Functions of amorphous carbon in catalyst fabrication for carbon nanofiber growth in the poly(ethylene glycol) thermal decomposition method

Abstract

To investigate the growth mechanism of carbon nanofibers (CNF) through a process using the thermal decomposition of poly(ethylene glycol) (PEG), we researched the phenomena that occurred from PEG decomposition to CNF growth during a temperature elevation process of CNF synthesis. In the PEG thermal decomposition method, the selective synthesis of platelet CNF (PCNF) and cup-stacked CNF was accomplished by changing only the ramp rate (without any other difference in experimental conditions). As a result, it was confirmed that carbon-containing gases generated by PEG thermal decomposition were converted to amorphous carbon and deposited on the substrate. There was a clear correlation between the amount of deposited amorphous carbon and the size of the nickel catalyst particle for CNF growth.
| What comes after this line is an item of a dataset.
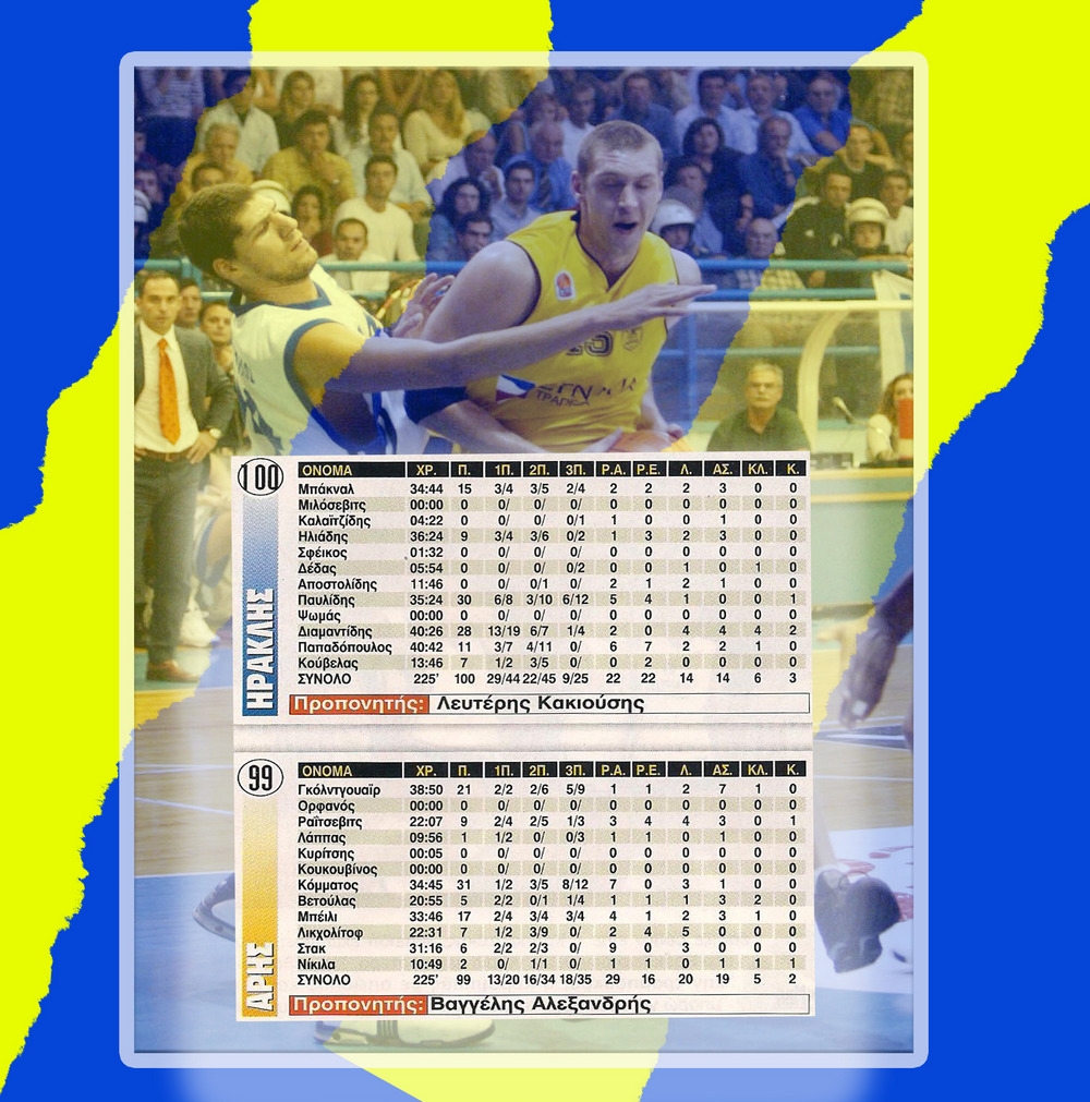 Το ντέρμπι είχε πολλούς πρωταγωνιστές αλλά μπορεί να θεωρηθεί ότι ήταν μια προσωπική μονομαχία του Γιώργου Παυλίδη με τον Νέστορα Κόμματο, αφού και οι δύο έφτασαν την 30άρα. Ο φόργουορντ του Ηρακλή είχε 30 πόντους με 6/8 βολές, 3/10 δίποντα, 6/12 τρίποντα και εννιά ριμπάουντ. Ο Κόμματος έγραψε εκείνο το βράδυ μία κορυφαία επίδοση, που παραμένει 18 χρόνια μετά, ακατάρριπτη. Ήταν εκείνη των οχτώ εύστοχων τριπόντων που είχε (σε 12 προσπάθειες) που αποτελεί ιστορικό ρεκόρ για τον Άρη στο επαγγελματικό Πρωτάθλημα. Ο «Νες» είχε ακόμη 1/2 βολές, 3/5 δίποντα και επτά ριμπάουντ.

Therefore, in the PEG thermal decomposition method, amorphous carbon deposition was found to be important to control the dispersity and morphology of the catalyst particle, and it was probably crucial to the determination of the type of CNF. In addition, the PCNF prepared in this study showed multidirectional growth from polyhedral catalyst particles, and this could be why the PEG thermal decomposition was able to create PCNF with small diameters compared to PCNF synthesized by conventional methods.